### Source records
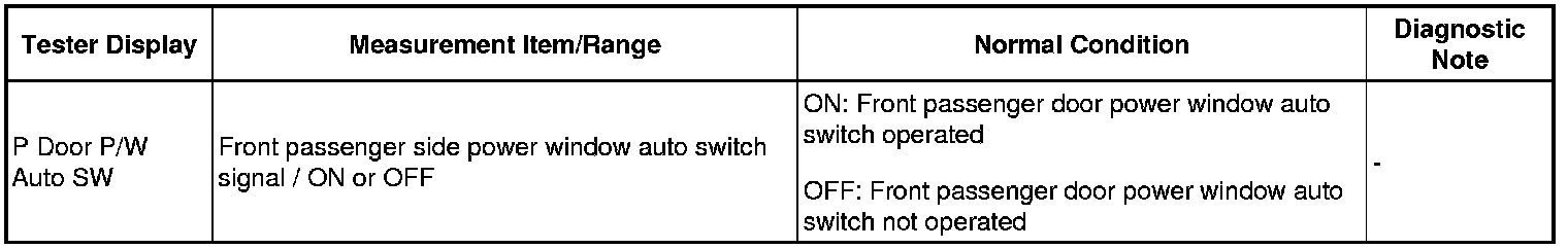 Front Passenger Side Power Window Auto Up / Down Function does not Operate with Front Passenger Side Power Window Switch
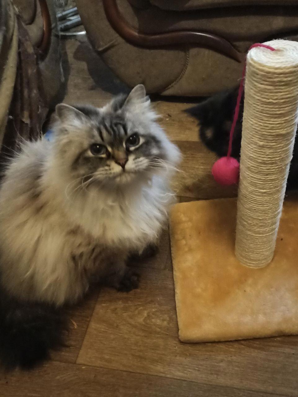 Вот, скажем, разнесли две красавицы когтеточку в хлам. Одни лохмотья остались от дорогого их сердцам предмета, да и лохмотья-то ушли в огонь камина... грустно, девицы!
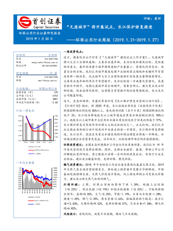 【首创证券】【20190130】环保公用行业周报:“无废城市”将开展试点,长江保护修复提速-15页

---

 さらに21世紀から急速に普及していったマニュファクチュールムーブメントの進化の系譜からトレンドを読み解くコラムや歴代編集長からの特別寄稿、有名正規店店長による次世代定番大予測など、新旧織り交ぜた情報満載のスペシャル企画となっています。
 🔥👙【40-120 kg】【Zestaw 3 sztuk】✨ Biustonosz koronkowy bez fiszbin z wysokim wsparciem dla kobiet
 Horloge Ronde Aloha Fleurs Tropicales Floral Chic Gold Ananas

...

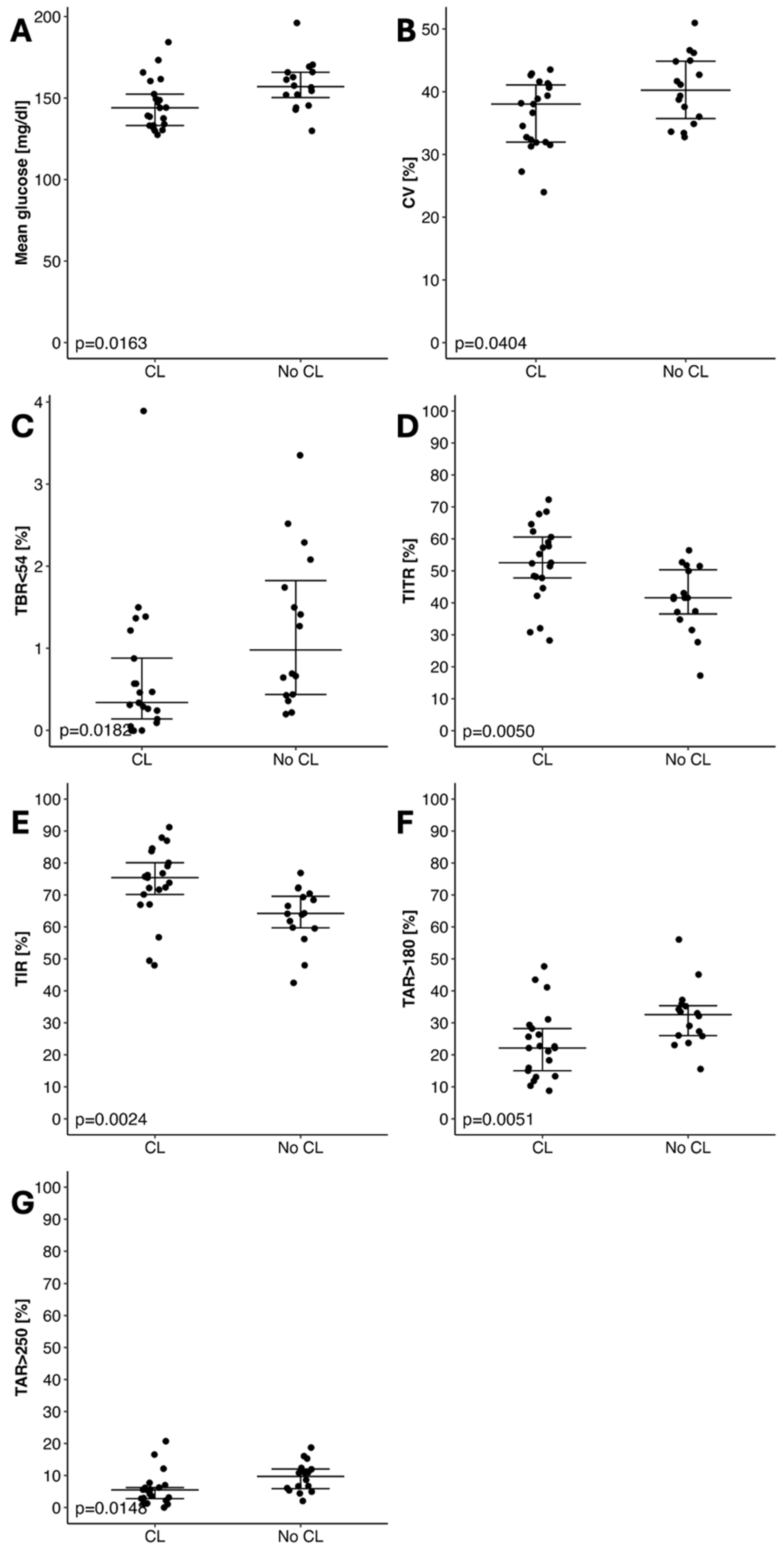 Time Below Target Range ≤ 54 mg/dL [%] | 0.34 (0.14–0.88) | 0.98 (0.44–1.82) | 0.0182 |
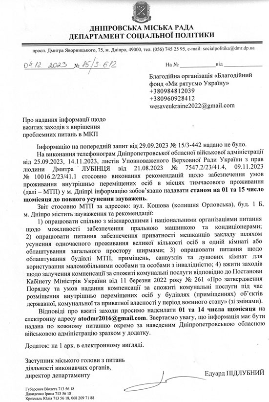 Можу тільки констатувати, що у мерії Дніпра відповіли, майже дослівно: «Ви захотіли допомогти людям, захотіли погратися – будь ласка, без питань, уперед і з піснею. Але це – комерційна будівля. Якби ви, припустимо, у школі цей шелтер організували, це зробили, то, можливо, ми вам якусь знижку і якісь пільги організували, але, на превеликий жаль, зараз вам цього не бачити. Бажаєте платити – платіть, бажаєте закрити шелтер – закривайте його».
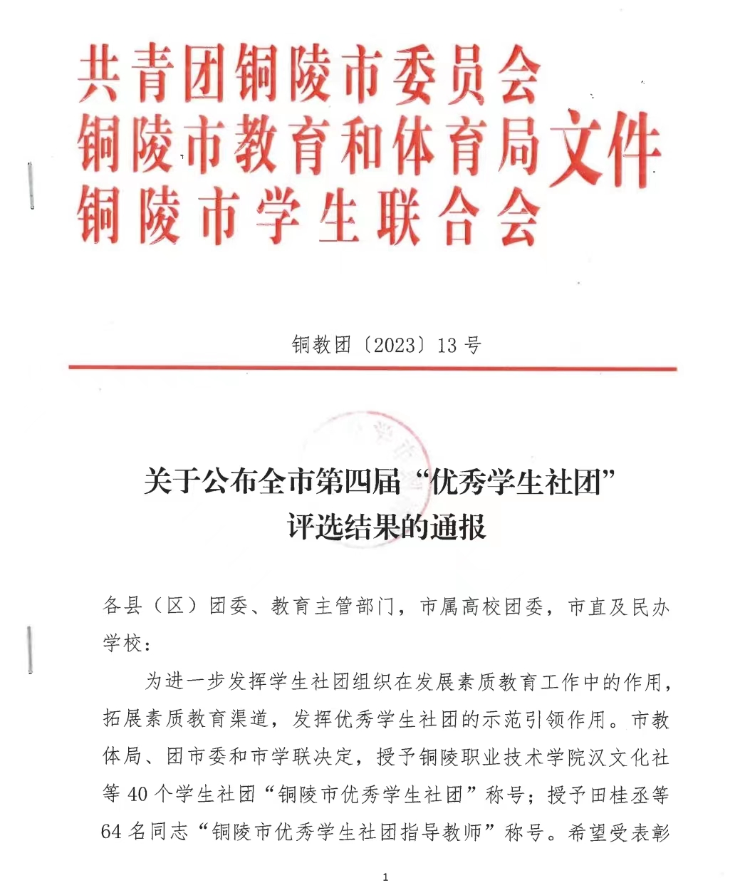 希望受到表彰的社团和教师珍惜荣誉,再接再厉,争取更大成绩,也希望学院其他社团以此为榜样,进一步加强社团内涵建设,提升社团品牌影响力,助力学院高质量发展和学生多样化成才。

### Action item
The range runs from the line above containing "さらに21世紀から急速に普及" to the line containing "Horloge Ronde Aloha", inclusive. Restate those lines word for word and no others.

### Task solution
 さらに21世紀から急速に普及していったマニュファクチュールムーブメントの進化の系譜からトレンドを読み解くコラムや歴代編集長からの特別寄稿、有名正規店店長による次世代定番大予測など、新旧織り交ぜた情報満載のスペシャル企画となっています。
 🔥👙【40-120 kg】【Zestaw 3 sztuk】✨ Biustonosz koronkowy bez fiszbin z wysokim wsparciem dla kobiet
 Horloge Ronde Aloha Fleurs Tropicales Floral Chic Gold Ananas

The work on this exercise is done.